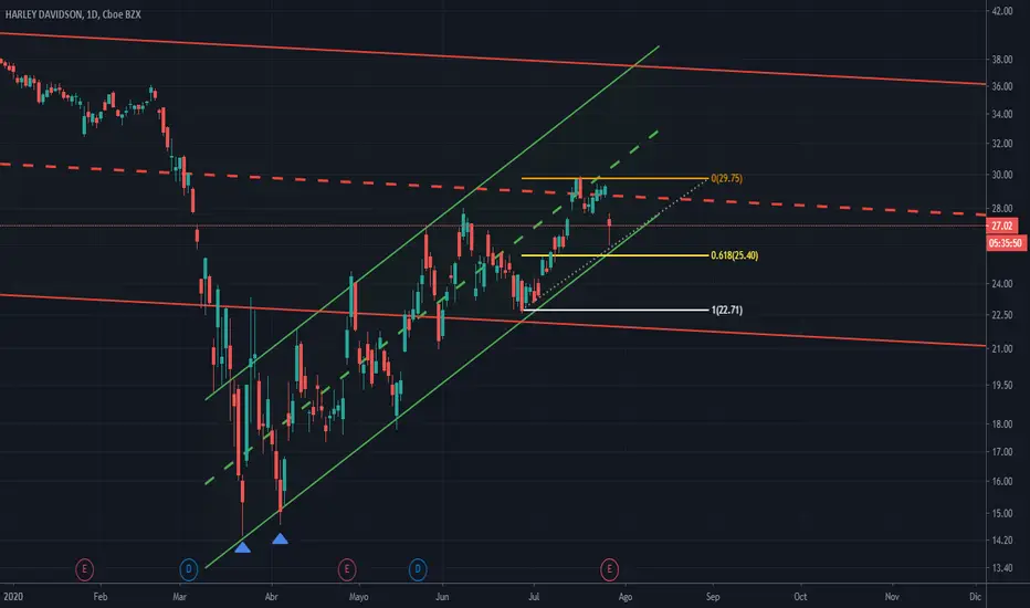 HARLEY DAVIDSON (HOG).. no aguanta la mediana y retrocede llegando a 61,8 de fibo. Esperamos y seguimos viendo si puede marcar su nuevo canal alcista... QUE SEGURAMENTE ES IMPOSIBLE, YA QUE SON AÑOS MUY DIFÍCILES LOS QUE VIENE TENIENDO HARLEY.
---
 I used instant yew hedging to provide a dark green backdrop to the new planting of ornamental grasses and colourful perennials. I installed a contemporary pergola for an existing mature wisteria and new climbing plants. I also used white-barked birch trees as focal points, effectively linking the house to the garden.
...
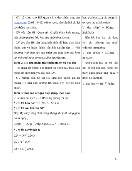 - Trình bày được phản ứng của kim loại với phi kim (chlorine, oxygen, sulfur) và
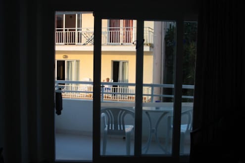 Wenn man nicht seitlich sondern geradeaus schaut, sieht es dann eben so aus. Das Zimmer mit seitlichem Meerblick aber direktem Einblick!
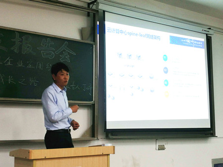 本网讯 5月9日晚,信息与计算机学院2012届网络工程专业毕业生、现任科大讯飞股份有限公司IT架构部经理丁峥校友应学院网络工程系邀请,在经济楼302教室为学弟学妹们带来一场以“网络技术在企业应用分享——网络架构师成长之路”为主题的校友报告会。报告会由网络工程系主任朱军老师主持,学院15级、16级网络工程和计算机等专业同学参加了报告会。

**Your assignment:** Using the entries above, write out exactly the lines from the one with "- Trình bày" through the one with "本网讯 5月9日晚,信息与计", ends included. Leave out any pictures.

**Exercise output:**
 - Trình bày được phản ứng của kim loại với phi kim (chlorine, oxygen, sulfur) và
 Wenn man nicht seitlich sondern geradeaus schaut, sieht es dann eben so aus. Das Zimmer mit seitlichem Meerblick aber direktem Einblick!
 本网讯 5月9日晚,信息与计算机学院2012届网络工程专业毕业生、现任科大讯飞股份有限公司IT架构部经理丁峥校友应学院网络工程系邀请,在经济楼302教室为学弟学妹们带来一场以“网络技术在企业应用分享——网络架构师成长之路”为主题的校友报告会。报告会由网络工程系主任朱军老师主持,学院15级、16级网络工程和计算机等专业同学参加了报告会。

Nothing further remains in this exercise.